- [WHAT IS BEING ASKED] Your copy should match the records exactly, except that it contains no pictures.

- [Saved entries]
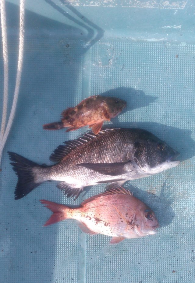 30~40cmのアイゴが多く、サナギ一個刺しで反応が良かったです。
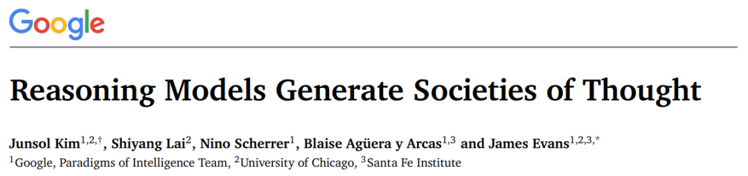 谷歌、芝加哥大学等机构的研究者最近发表的一篇论文给出了一个更具结构性的答案,推理能力的提升并非仅源于计算步数的增加,而是来自模型在推理过程中隐式模拟了一种复杂的、类多智能体的交互结构,他们称之为「思维社会」(society of thought)。
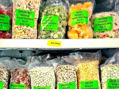 Vegetables that have been frozen at their peak of freshness, with portions large enough for a meal! Small selection of meats available as well.
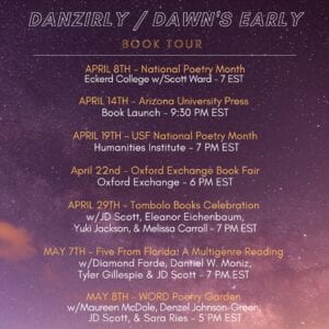 When I was drafting the poems of Danzirly, I could not fathom having a digital book tour. Unprecedented times required all of us to adapt in all kinds of ways – we stayed home, we picked up groceries, we washed, we worried, we mourned, we disinfected, and we masked (still masking over here, by the way. (Get vaccinated!)).
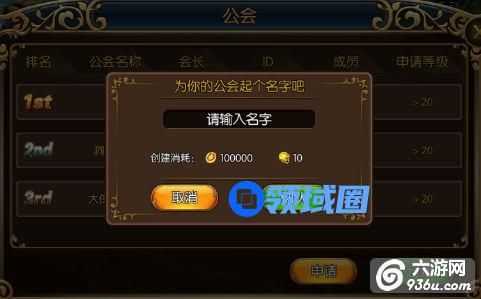 若想自己管理一个公会,则点击“创建”。输入一个自己的公会名称,然后花费一定的金币和钻石即可建立自己的公会了。
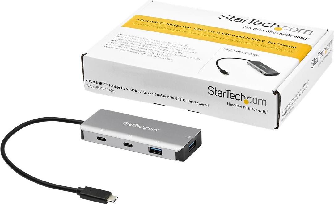 | Produktbeschreibung | StarTech.com 4-Port USB-C Hub (10Gbps) with 2x USB-A & 2x USB-C - 9.8" Extended Attached Host Cable (HB31C2A2CB) - Hub - 4 Anschlüsse |

- [FINISHED TASK]
 30~40cmのアイゴが多く、サナギ一個刺しで反応が良かったです。
 谷歌、芝加哥大学等机构的研究者最近发表的一篇论文给出了一个更具结构性的答案,推理能力的提升并非仅源于计算步数的增加,而是来自模型在推理过程中隐式模拟了一种复杂的、类多智能体的交互结构,他们称之为「思维社会」(society of thought)。
 Vegetables that have been frozen at their peak of freshness, with portions large enough for a meal! Small selection of meats available as well.
 When I was drafting the poems of Danzirly, I could not fathom having a digital book tour. Unprecedented times required all of us to adapt in all kinds of ways – we stayed home, we picked up groceries, we washed, we worried, we mourned, we disinfected, and we masked (still masking over here, by the way. (Get vaccinated!)).
 若想自己管理一个公会,则点击“创建”。输入一个自己的公会名称,然后花费一定的金币和钻石即可建立自己的公会了。
 | Produktbeschreibung | StarTech.com 4-Port USB-C Hub (10Gbps) with 2x USB-A & 2x USB-C - 9.8" Extended Attached Host Cable (HB31C2A2CB) - Hub - 4 Anschlüsse |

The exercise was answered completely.